Breaking Through: A Guide for Impactful Police Marketing

The following marketing strategy was written as a grant application for the Department of Justice program to support Recruitment, Retention, and Workforce Diversification in policing. While the application was unsuccessful (losing to the International Association of Chiefs of Police) the ideas have served as a roadmap for community policing communication strategy in Bloomfield Township. While the grant would have provided funding for national reach and immediate production, we continue to chip away at the plan, like eating an elephant.

Problem Identification and Project Description

Inspired by the successful recruiting campaign produced by Bloomfield Township in 2023, twelve short training-themed videos will be supported by a 24-episode podcast series that will cover best practices related to recruiting and diversification in today’s competitive environment. Additionally, a digital toolkit will explain how-to easily customize the videos, provide storytelling ideas and a step-by-step guide on running low-cost digital ads. Designed as a companion to Discover Policing, the COPS website that serves as an introduction to a police career, Breaking Through will be a marketing tool-kit that will help police tell their story through customizable short videos that highlight the training officers receive during their professional career. Focused on small and medium-sized agencies, the ideas can be scaled up for larger agencies.

“Perhaps the greatest task facing the police community is to tell the police story,” reads the COPS recruiting toolkit from 2009. It continues, “Police leaders must develop and implement a plan to communicate an honest portrayal of police work directly with the American people.”(1) This proposed project will help tell this story. One thing police leaders can agree on in today’s policing environment, officers need to be trained in a diverse set of skills in order to preform the job at a professional level. The Bloomfield Township Police Department has an outstanding reputation for the training it provides its officers and this project will be let by those standards of excellence.

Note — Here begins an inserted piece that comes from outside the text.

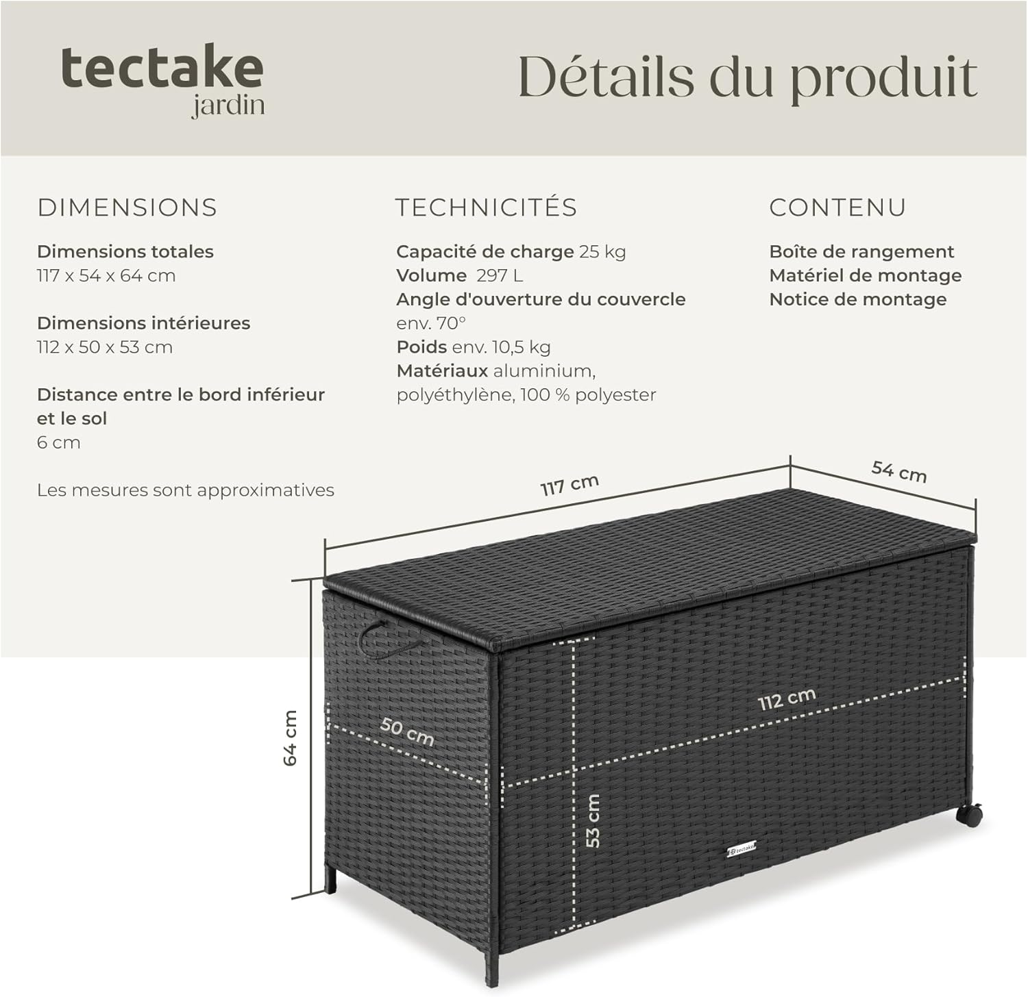 Dimensions totales (LxPxH) : environ 117 x 54 x 64 cmDimensions intérieures (LxPxH) : environ 112 x 50 x 53 cmAngle d’ouverture : environ 70°Diamètre des montants : environ 1,5 x 1,5 cmDistance entre le dessous de la boîte de rangement et le sol : environ 6 cmRoues (ØxL) : environ 4 x 3,5 cmPieds (LxP) : environ 1,5 x 1,5 cm

Training varies by agency, and the video assets created will allow for local personalization. The videos will be produced in a way that is like “donut” advertising used in car commercials, where the middle is standard, and the beginning and end are custom to a local dealership. Agencies will be able to modify the videos for their own use, as explained in the marketing toolkit. This marketing toolkit will go beyond telling agencies that their “recruitment videos, webpages, social media and brochures must reflect the philosophy and values of the agency and provide a realistic view of what police work involves,”(2) The toolkit will provide detailed plans, questions and resources to help create those materials. The supporting conversational podcasts with experienced leaders will support these efforts.

The twelve planned modules are built around the variety of training that a police officer receives during their career. The Felony Arrest with BTPD Midnight Platoon (3) video, created to support recruiting efforts, earned more than 10,000 organic views in its first month’s release on YouTube. The creative direction in this video produced an arrest scenario with sworn officers as the on-camera talent, who then describe the training in a voice-over. This creative can both inspire people to service and educate a wider audience, informing both groups about the ongoing training an officer receives during his or her career. Overarching requirements for today’s policing like emotional intelligence, diversity and ethical decision-making thread throughout the series.

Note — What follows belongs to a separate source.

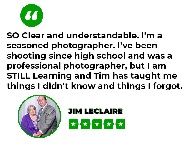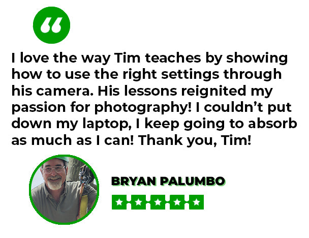 I've paid for classes before, but this is the most all-encompassing classes on the art of photography I've taken. Thanks, Tim.

While not training videos themselves, the series will highlight the wide range of skills and expertise related to the job duties of an officer, including observation, self-defense, mental and physical health, investigations, and legal procedures, all components designed to help officers perform their job duties safely, effectively and with integrity.

Suggestions for local modification would be included in the marketing toolkit. The series would include these twelve topics:

  • FTO (Field Training Officer), how a new officer is paired with a veteran officer who observes and mentors them through their initial training period, which typically lasts several months

  • Patrol – how officers learn to observe their environment carefully, using all their senses and intuition, and how to distinguish suspicious activity from harmless behavior

  • Defensive tactics; preparing officers to defend themselves and others using a variety of physical techniques, including strikes, holds and grappling

  • Use of force – related to firearms training, when it’s appropriate to use deadly force

  • Implicit bias – training officers to recognize and overcome their own biases and avoid unfair treatment of people based on race, gender or other characteristics

  • Active assailant reality-based training, how to respond to an active shooter or other life-threatening situations.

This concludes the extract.